David Cameron slams Named Person scheme
Fri, 4 Mar 2016
David Cameron says the plan to assign a state guardian to every child in Scotland is “absurd”.
He entered the debate on the issue days before the scheme is challenged in the UK Supreme Court by The Christian Institute and others.
The Prime Minister was joined in his criticism by the Scottish Conservatives’ leader Ruth Davidson, who said the idea was unwieldy and unworkable.
Under the Scottish Government’s Named Person scheme, every child in Scotland is set to have a state guardian assigned to them to monitor their ‘wellbeing’.
In his speech today in Edinburgh at the Scottish Conservative Party Conference, the Prime Minister said the plans were unnecessary.
“There’s even this absurd Named Person policy, which ensures that every child is allocated a guardian – even if they have parents – and even if they have no need for this extra bureaucracy”, he said.
Speaking ahead of the conference, Ruth Davidson blasted the plans as “utterly wrong”.
Describing the legislation introducing the Named Person as “bad law”, she said the blanket approach to assign a Named Person for every child was wrong.
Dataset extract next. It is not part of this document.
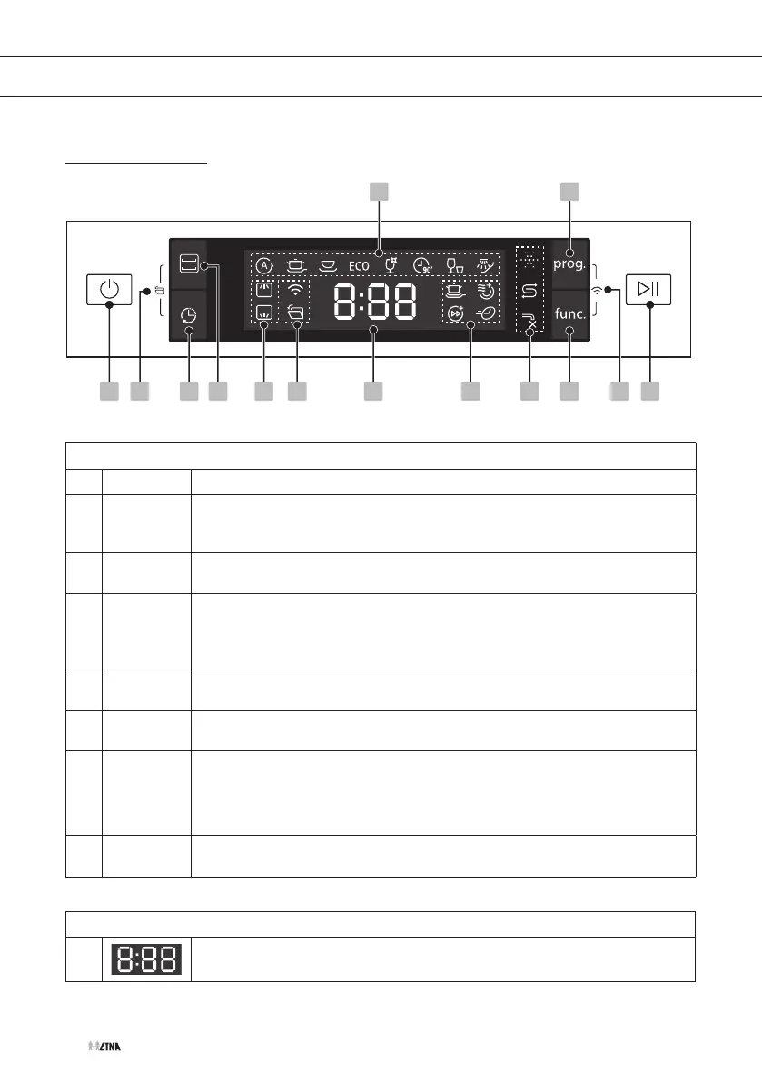 1 On/Off Press this button to turn on your dishwasher, the screen lights up.

Instead, she told the BBC, effort should be directed towards helping vulnerable children.
Earlier this week, it was revealed that schoolchildren in Scotland will be quizzed about their private lives and asked to fill out intrusive questionnaires under the Named Person scheme.
Sensitive information about children will then be stored on local authority databases and made available to named persons.
The plans, revealed by the Scottish Mail on Sunday, would see young children coaxed to divulge information through the use of prompt cards, songs and games.
Older children will face a series of questions on their home life, their sexual health and whether or not they feel close to their parents.
Simon Calvert, spokesman for the No to Named Persons campaign, said: “Psychologically manipulating youngsters so you can squeeze confidential information out of them is fundamentally wrong, but to store all this information on a giant council database is foolhardy.”